To that end, Smart AKIS has developed a Smart Farming Platform. An online and open database with more than 1.200 Smart Farming solutions available for farmers. Work Group in Smart AKIS Workshop in Germany.

Besides, in order to get insights about farmers’ perception about Smart Farming, over 270 farmers have been interviewed and more than 700 farmers, researchers, advisors and industry players have been engaged in 14 Innovation Workshops where questions about barriers, needs, interests and successful approaches were addressed.
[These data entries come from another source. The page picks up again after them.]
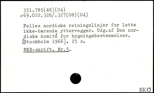 Felles nordiske retningslinjer for lette ikke-bærende yttervegger. Udg.af Den nordiske komité for bygningsbestemmelser. (
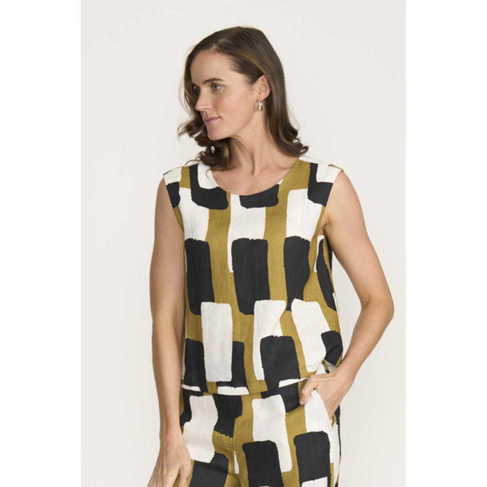 The Natural Art Box Linen Print Top is a contemporary women’s sleeveless top that blends artistic design with effortless everyday style. This piece brings modern character to warm-weather dressing. Crafted from breathable linen, the top is cut in a boxy regular fit for relaxed comfort and easy movement. Measuring approximately 54cm in length on a UK size 10, it offers a neat, flattering silhouette that pairs perfectly with linen trousers, denim, or skirts. A subtle V slit at the back of the neck adds a refined detail, while a central back pleat creates gentle structure and shape. Lightweight and versatile, this linen print top is ideal for layering or wearing alone on warmer days.
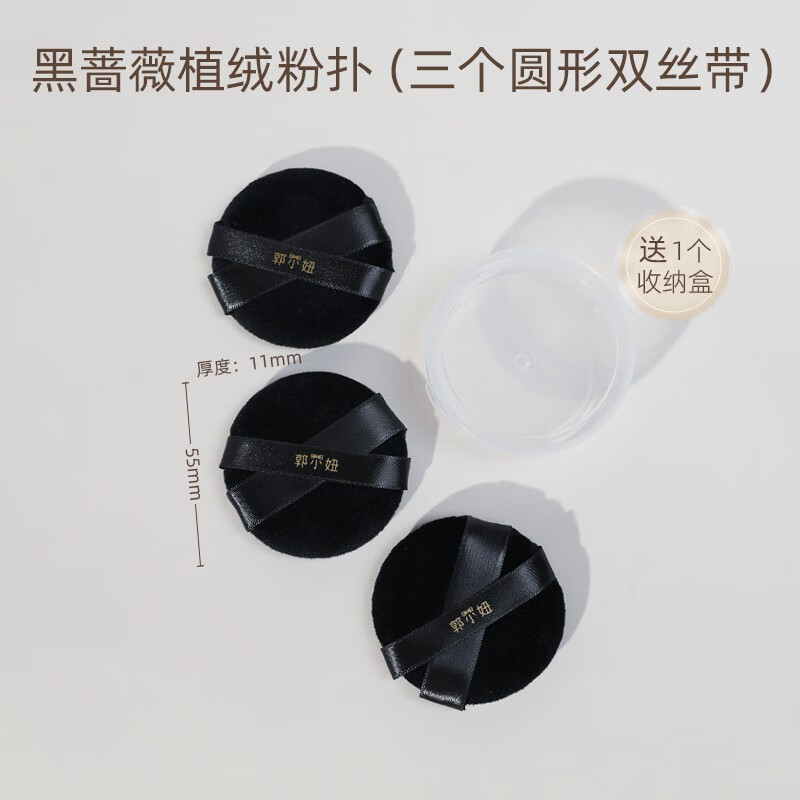 GUOXIAONIU郭小妞黑蔷薇高密植绒粉扑散粉干用面部修容定妆化妆海绵美妆工具 黑蔷薇植绒粉扑 3枚 圆形双丝带

Farmers’ demands for Smart Farming adoption

During this time, Smart AKIS has come up with the following learnings that can be helpful for practitioners and policy-makers when defining new policies, and programmes, such as the new Common Agricultural Policy (CAP).

Access to Finance

Access to finance remains a barrier for the widespread adoption of SFT. Available sources of funding should be made easy to understand and to apply for farmers looking for synergies among available funds. In many cases, farmers feel overwhelmed by the existing offer of SFT and feel insecure due to the pace of innovations leading to technological obsolescence, which limits their investments in SFT. In this field, unions, associations or CUMAs (Coopérative d'utilisation de matériel agricole, French model of cooperatives for shared agricultural equipment) might play a facilitating role for the development of new business models following social innovation drives.

Impartial Advice

Farmers need to gain confidence on SFT capabilities and stakeholders. Thus, they request impartial, non-commercial, and independent expert advice accompanying their purchase decision, equipment set-up, quality, and conformity. This expert advice could come from platforms, advisory services, and industry while being based on “ground truth evaluation” alongside objective, and provable data.
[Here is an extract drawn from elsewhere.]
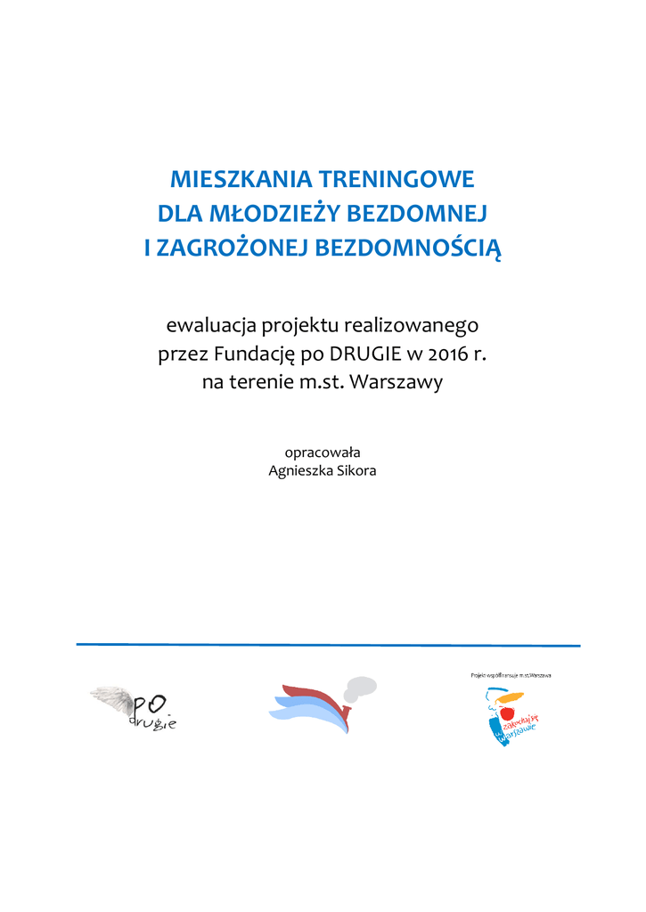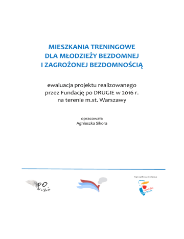 MIESZKANIA TRENINGOWE DLA MŁODZIEŻY BEZDOMNEJ I ZAGROŻONEJ BEZDOMNOŚCIĄ ewaluacja projektu realizowanego przez Fundację po DRUGIE w 2016 r. na terenie m.st. Warszawy opracowała Agnieszka Sikora SPIS TREŚCI Założenia programu str. 3 Cele programu str. 4 Metody ewaluacji str. 6 Uczestnicy str. 6 Sytuacja życiowa str. 7 Oferta str. 12 Młodzież w programie str. 14 Młode matki str. 21 Wnioski str. 23 2|Strona ZAŁOŻENIA PROGRAMU Program mieszkań treningowych realizowany w Warszawie przez Fundację po DRUGIE jest skierowany do młodzieży (18-25 lat) znajdującej się w kryzysie bezdomności. W szczególności beneficjentami działania są dziewczęta i chłopcy posiadający na swoim koncie pobyty w różnego rodzaju placówkach (opiekuńczo-wychowawczych, socjalizacyjnych i resocjalizacyjnych) oraz w rodzinach zastępczych. W ramach programu młodzież korzysta z następujących form wsparcia: zabezpieczenie sytuacji mieszkaniowej poprzez pobyt w mieszkaniu treningowym; praca nad poprawą własnej sytuacji oraz kontrola funkcjonowania w mieszkaniu zapewniane przez opiekuna mieszkania, koordynatora projektu oraz wolontariuszy organizacji; praca socjalna zapewniana przez organizację i ośrodki pomocy społecznej; wsparcie w aktywizacji zawodowej zapewniane przez organizację, urząd pracy, realizowane również poprzez włączanie młodzieży do programów innych organizacji miejskich; pomoc terapeutyczna/psychologiczna w oparciu o dostępną na terenie miasta ofertę. Każdy uczestnik programu mieszkań treningowych jest zobowiązany do przestrzegania regulaminu mieszkań, w tym m.in. do utrzymywania trzeźwości, podejmowania aktywności na rzecz poprawy własnej sytuacji (edukacja, praca, terapia), współpracy z Fundacją po DRUGIE i udziału w proponowanych działaniach dodatkowych (organizacja czasu wolnego, udział w warsztatach, programach). Pierwsze dwa tygodnie pobytu w mieszkaniu treningowym to czas, w którym kadra ma możliwość poznania nowego mieszkańca i jego potrzeb oraz rozpoznania jego sytuacji życiowej zarówno w kontekście spraw formalnych jak i osobistych. W okresie dwóch pierwszych tygodni mieszkaniec przechodzi przez tzw. okres adaptacyjny, w ramach którego jest zobowiązany do przestrzegania bardziej rygorystycznych zasad – np. zakaz przyjmowania gości, konieczność powrotu do mieszkania do godziny 20 (chyba, że pracuje). Pierwsze dwa tygodnie intensywnej pracy z uczestnikiem są również czasem 3|Strona pozwalającym sprawdzić czy jest osobą zmotywowaną i potrafiącą dostosować się do panujących reguł. Współpraca z organizacją opiera się na kontrakcie socjalnym, którym po pomyślnym przejściu przez okres adaptacyjny, zostaje objęty każdy uczestnik. Kontrakt spisywany jest przy udziale podopiecznego przez opiekuna mieszkania treningowego i zawiera spis najważniejszych zadań i celów, które powinien osiągnąć mieszkaniec oraz wszelkie informacje dotyczące jego sytuacji życiowej. Zwykle kontrakt jest weryfikowany raz na miesiąc, ale również częściej, jeśli wymaga tego indywidualna sytuacja mieszkańca. Oferta kierowana do mieszkańca jest dostosowana do jego potrzeb, uwzględnia szeroki kontekst jego funkcjonowania. Program jest dedykowany osobom rzeczywiście gotowym do podejmowania wyzwania jakim jest zmiana stylu życia, na wstępie eliminuje tych, którzy nastawieni są na zaspokojenie jedynie podstawowych potrzeb bytowych. W ramach programu realizowanego w 2016 roku Fundacja po DRUGIE dysponowała dwoma mieszkaniami wynajętymi na wolnym rynku. W każdym mieszkaniu przygotowano cztery miejsca dla uczestników – osobno dla dziewcząt i chłopców. Mieszkania były trzypokojowe, każde posiadało przestrzeń wspólną (salon, kuchnia, łazienka) oraz dwoma sypialniami wyposażonymi w dwa łóżka. Rekrutacja do projektu ma charakter ciągły i jest prowadzona w oparciu o szeroką współpracę Fundacji po DRUGIE z przedstawicielami placówek, ośrodkami pomocy społecznej, Warszawskim Centrum Pomocy Rodzinie, kuratorami, organizacjami pozarządowymi. Młodzież przyjmowana jest do programu w miarę wolnych miejsc. Kadra programu mieszkań treningowych jest objęta pracą superwizyjną odbywającą się raz w miesiącu. Dodatkowo realizowane są stałe spotkania zespołu mieszkań, które odbywają się nie rzadziej niż raz na dwa tygodnie. CELE PROGRAMU 1. Budowanie systemu wsparcia dla młodzieży dotkniętej ryzykiem bezdomności poprzez stworzenie sieci mieszkań treningowych i systemu opieki następczej. 2. Tworzenie alternatywnego środowiska dla młodzieży zagrożonej bezdomnością umożliwiającego budowanie prawidłowych relacji z otoczeniem w tym prawidłowych 4|Strona relacji z rodziną i relacji rówieśniczych poprzez umieszczenie w nowym środowisku i prowadzenie oddziaływań wychowawczych oraz działań z zakresu edukacji pozaformalnej. 3. Aktywizacja społeczna i zawodowa młodzieży poprzez prowadzenie oddziaływań pedagogicznych, pracę z doradcą zawodowym z Urzędu Pracy m.st. Warszawy, działania z zakresu edukacji pozaformalnej, dostępność narzędzi projektu Punkt Zwrotny realizowanego wspólnie z m.st. Warszawą i koncentrującego się wokół aktywizacji zawodowej. 4. Wsparcie procesu usamodzielnienia wychowanek i wychowanków realizowane we współpracy z Warszawskim Centrum Pomocy Rodzinie umożliwiające uczestnikom korzystanie ze wszystkich dostępnych systemowych narzędzi wsparcia. 5. Zapobieganie wykluczeniu i degradacji społecznej grupy objętej zadaniem poprzez prowadzone oddziaływania i zapewnienie mieszkania. 6. Zapobieganie uzależnieniom i rozwojowi przestępczości poprzez odpowiednie oddziaływania pedagogiczne jak również poprzez pomoc w znalezieniu pracy i uzyskaniu godziwych zarobków. 7. Zmniejszanie liczby beneficjentów pomocy społecznej poprzez nabywanie przez adresatów umiejętności samodzielnego funkcjonowania w społeczeństwie. 8. Współpraca war

Demonstrations are a key factor for adoption. Farmers would welcome neutral demonstrations of SFT solutions with a broad range of use-cases covering a variety of soils and crops. Furthermore, at farm level, demonstrations showcase good practices related to the use of SFT. Applied research can play an important role in the evaluation of SFT, providing empirical evidence of cost-benefit and other advantages in terms of yield, comfortability and efficient use of intrants, like the ones implemented in IoF2020 large scale demonstration project.


Peer-to-peer collaboration, support between early adopters and followers, and the facilitator role of advisors are successful strategies to foster SFT adoption. Participation of start-ups, applied research institutes, and the industry on multi-actor efforts like operational groups can contribute to the adaptation of available technologies to farmers’ real needs. Drone in Field Visit in Smart AKIS Workshop in Spain.

Plug & Play

Plug & Play approaches are highly demanded by users of new technology setups, the upgrade of existing equipment, improved technology usability and data interpretation. A combination of tools – such as training podcasts, infographics, the use of digital screens, or short video clips - should be made available by the agricultural industry and advisory services to educate users.. Moreover, the user experience (UX) should be improved in the design and development of new equipment and programmes.
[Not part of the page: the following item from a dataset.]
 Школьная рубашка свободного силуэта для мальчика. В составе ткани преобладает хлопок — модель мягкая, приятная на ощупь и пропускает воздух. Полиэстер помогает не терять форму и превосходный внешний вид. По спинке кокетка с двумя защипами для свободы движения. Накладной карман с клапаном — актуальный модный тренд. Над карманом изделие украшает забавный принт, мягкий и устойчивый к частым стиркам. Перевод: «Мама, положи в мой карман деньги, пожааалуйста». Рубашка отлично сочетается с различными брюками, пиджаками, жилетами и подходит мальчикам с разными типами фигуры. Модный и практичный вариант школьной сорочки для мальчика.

Interoperability and Standardisation 

Interoperability and Standardisation remain a challenge in spite of industry’s efforts to progress in this field. Farmers demand compatibility among SFT in order to maintain the flexibility in their processes and spread risks through using different SFTs from various providers. Nevertheless, farmers are also waiting for integrated systems delivered by a single provider tackling all their farm management and data support needs.

Data Management Concerns

Data management concerns farmers in terms of data ownership, exploitation and usability. Upcoming regulation enshrining ownership of agronomical data by farmers, will demand a wide dissemination and increased visibility of the current benefits of sharing such data, mainly for small farm holders.

Smart AKIS keeps working with farmers, researchers, advisors, and industry to come up with policy recommendations in 2018 on how to tackle these and other challenges for Smart Farming to become the New Normal in EU agriculture.